Estudantes da UVA criam aplicativo para a Bienal do Livro

 

Bian e Leonardo não desistiram do projeto apesar da complexidade do desenvolvimento de aplicativos

Bian Medeiros e Leonardo Trotta são da equipe que desenvolveu o aplicativo ‘UVA na Bienal’. Foto: Jefferson Alves

Toda a programação da 18ª Bienal Internacional do Livro no Rio na palma da mão. Para facilitar a vida de quem está visitando o maior evento literário do país, estudantes do curso de Ciência da Computação da Universidade Veiga de Almeida (UVA) criaram o aplicativo “UVA na Bienal”. O app traz informações sobre palestras, debates e demais atividades da Bienal. Também contém uma área para interação entre usuários, além de outras funcionalidades.

“A ideia era mostrar o quanto os alunos são bons no que fazem, produzindo algo que tivesse a ver com o evento e que fosse interessante para quem está visitando”, explica a gerente de Comunicação Institucional da Rede Ilumno, Cecília Seabra.

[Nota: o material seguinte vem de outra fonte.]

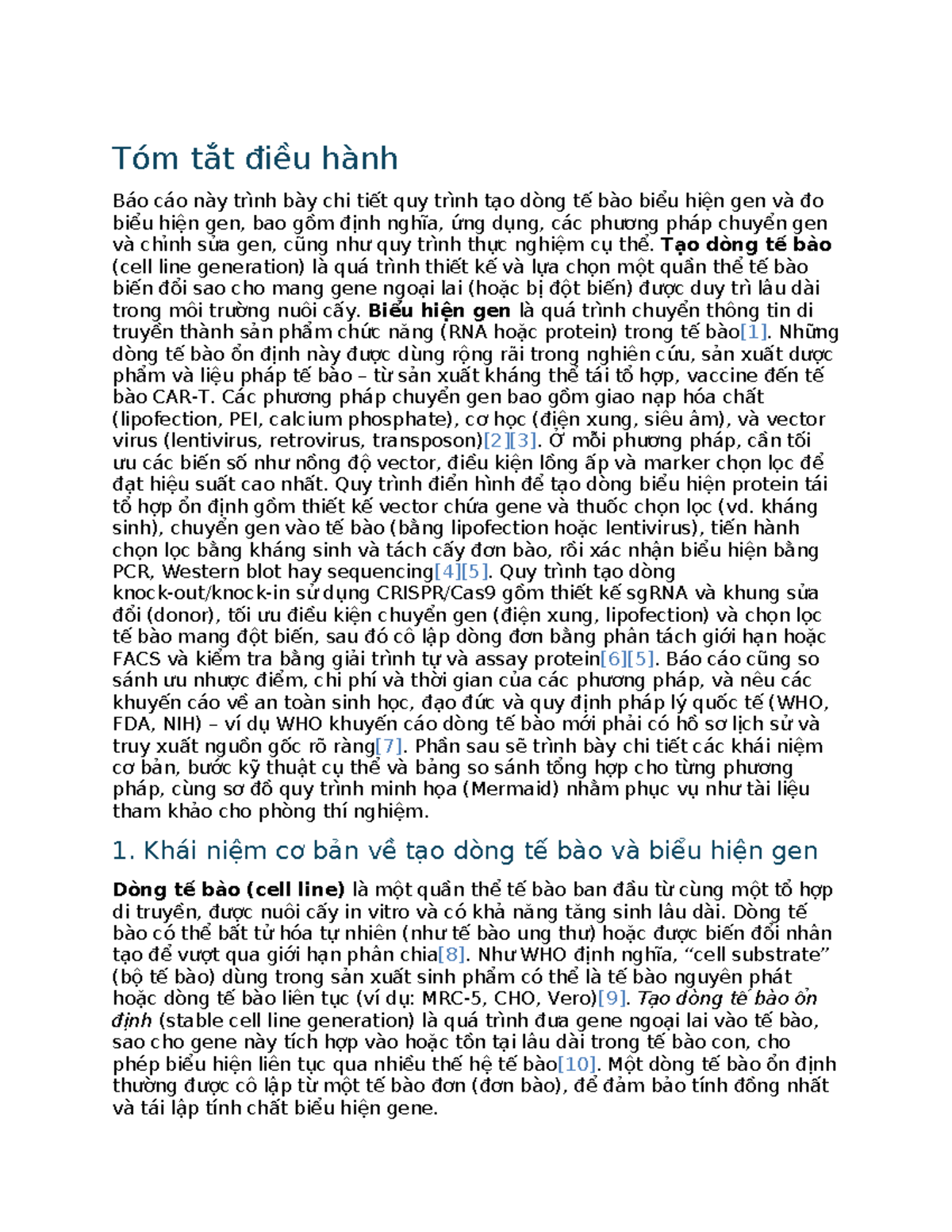 Tóm tắt điều hành: Quy trình tạo dòng tế bào và biểu hiện gen - Studocu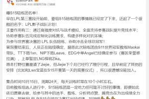 体育资讯9月30日讯 今日微博著名博主“召唤师Park ”更博透露目前关于S15陪练团的部分人选名单。
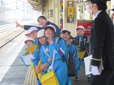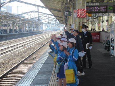 11月16日(木)2年生の生活科見学(6) 公開日 2023/11/17 更新日 2023/11/17 できごと 新幹線のホームに行き、高崎駅を通過する新幹線を待ちます。みんなで手を振ってお見送りをしました。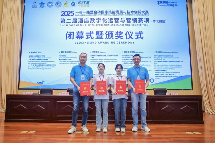 本网讯(酒店管理学院 穆林)9月25日至27日,2025“一带一路”暨金砖国家技能发展与技术创新大赛酒店数字化运营与营销赛项(华北赛区)在河北举行。taptap酒店管理学院韩欣洁、闫慧欣两位同学获得区域赛学生组一等奖,张朋、穆林两位老师获得区域赛教师组第二名,学生组和教师组均晋级全国总决赛。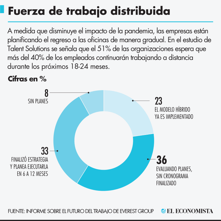De acuerdo con el estudio “El futuro del trabajo: Reimaginar la fuerza laboral y la mecánica del lugar de trabajo” de Everest Global/ManpowerGroup Talent Solutions, en el que se entrevistó a 200 líderes senior de recursos humanos, se señala que a medida que retrocede el impacto de la pandemia, las organizaciones están planificando el regreso de los empleados a la oficina de manera gradual. Sin embargo, el 51% de las organizaciones espera que más del 40% de los empleados continuarán trabajando desde casa durante los próximos 18-24 meses.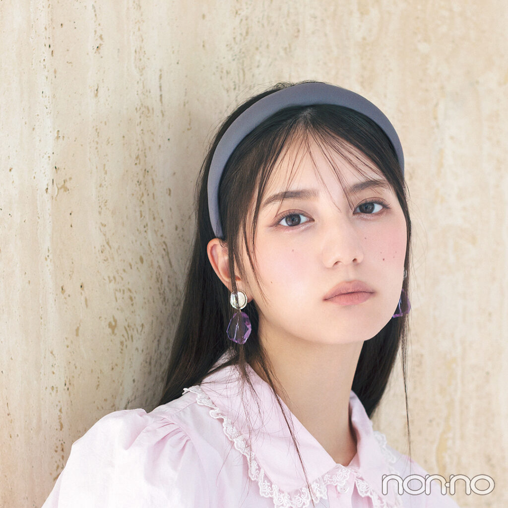 日向坂46小坂菜緒×サテンカチューシャ。大人可愛いカチューシャの付け方

O aplicativo foi desenvolvido por alunos do Programa de Iniciação Científica (PIC) da universidade. O coordenador do projeto, professor Carlos Augusto Sicsú, explica que o foco era o aprendizado dos estudantes, além da possibilidade de criar uma ferramenta de auxílio aos visitantes da Bienal. Para ele, fazer o aplicativo para o evento foi uma forma de colocar em prática a teoria:

“Significa mostrar o que os alunos muitas vezes aprendem de forma teórica ou com pouca aplicação da prática, em função do tempo e das características que uma disciplina no curso exige”.

Versão para Android

O exercício pode levar os jovens desenvolvedores do app a voltarem nos próximos anos com uma versão oficial do evento e para todas as plataformas. Por enquanto, o “UVA na Bienal” está disponível apenas para usuários do sistema Android. O download deve ser feito por meio do site do coordenador do experimento (Clique para baixar: http://www.profsicsu.com.br/images/UVAnaBienal.apk), já que o app não está disponível na loja virtual.

O aplicativo demorou aproximadamente três semanas para ficar pronto. O estudante Leonardo Trotta contou que, apesar do pouco tempo, aceitou o desafio de imediato para participar do projeto. A preocupação com o resultado era grande, mas ele não desistiu:

“Desenvolvemos para que as pessoas se sintam bem e confortáveis ao utilizá-lo. Que o usem como entretenimento também e que, sobretudo, facilite a integração com a programação da Bienal”.

Quem também não deixou a ansiedade atrapalhar foi Bian Medeiros, outro integrante da equipe. Ele conta que foi da euforia, no início do projeto, ao medo de não conseguir terminar a tempo por conta da etapa de armazenamento de dados: “É muito difícil. Agora, eu me sinto aliviado, porque a experiência está valendo a pena. O conhecimento e o peso no currículo por ter feito parte dessa equipe são reais”.

Além de Bian Medeiros e Leonardo Trotta, participam do projeto os estudantes Gustavo Santos, Diogo Soares, Isabela Pimenta, Victor Franklin, Pablo Dias, Lucas Lopes e Felipe Pinheiro Araújo, o único que não é aluno de Ciência da Computação; ele faz o curso de Design Gráfico.